His insight is a common one: this move is purely a response to stockholder value and recognizing change.

Take out all the emotion around this shift.  And look at it this way:  HP is a public company judged completely on profitability and shareholder value - that's all.  The machine is not concerned about employee morale, saving the earth, or carbon footprints.  The machine does not sweat.

And for us to think differently is naive.  For us to project this human quality onto a corporation is foolish.

The machine is built to return value to stockholders.  The Captain is charged with guiding the machine into profit.

As clumsy as he may appear, Leo is steering the leviathan into new waters.

Yes, the communication of this course change was unbecoming of a company with such a high-intent pedigree - but the message is clear.

There is no future for PCs.  Profit from PCs has been and will continue to shrink.  It is time to leave The Cove.

What if HP is right?

Undoubtedly, HP believes she is correct - but what if she really is correct?  Spinning PSG essentially creates a $40 billion start-up.  A brand-new company whose sales are almost twice that of the nearest competitor. Not a bad deal.

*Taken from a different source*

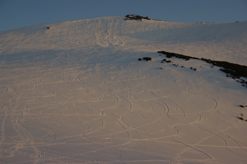 室堂山付近のスキーヤー・スノーボーダーのシュプール。まだまだ、滑られます!

But what if PC usage is really declining?  What if fewer companies are refreshing desktops?  What if more and more thin clients, smartphones, and tablets are accessing the ever-growing cloud?  How about those cheap, zero-client things from Samsung?

What if somebody at HP sees PC sales drying up in the next two years?  I mean, for the world's largest PC manufacturer to get out of PCs it takes foresight, smarts, vision, and balls.

Can you see the new technological landscape?  How many IT staff are going to find themselves "rationalized"?

How about the channel?  HP intends to get into the cloud, and sell services and software - direct.  Remember when there was a ComputerLand/MicroAge/Inacomp computer store in every city?  And how crazy a thought it was at the time to consider IBM ever getting out of the PC market?

For the VAR channel, the message is clear, transformation now.

The New HP is the old IBM - Remember when IBM sold printers?

There is a good deal of comparison between IBM of the 90s and today's HP.  Indeed, the process looks to be very similar: a hardware company sells or spins off all its peripheral divisions to evolve as a service provider.

IBM sold off Lexmark,  in 1991 and held on to the PC division, Lenovo, until 2004.

How long do you think IPG has?

No surprise really, this past March -

March 21, 2011 5:00 AM

Léo Apotheker's vision for Hewlett Packard is a familiar shade of Big Blue.


Kevin Kelleher, the contributor

Apotheker outlined an appealing if vague future for HP:

"...An open, online marketplace where consumers and companies alike could buy apps; Features like infrastructure-as-a-service and platforms-as-a-service that allow companies to tap into cloud-based software; 100 million devices running webOS, many of which will connect to HP's infrastructure..."


Some investors were hoping for much more -- a radical restructuring maybe, or plans to spin off the low-margin PC division.

What they got was Apotheker's anodyne vision of an evolving IT industry, the disruptive force of cloud computing, and HP's role as a soup-to-nuts provider.

"All of us need a trusted partner to navigate this new world," he said. "Who but HP could deliver this leadership?"

VARs, MSPs, and channels all around, now is the time to transform.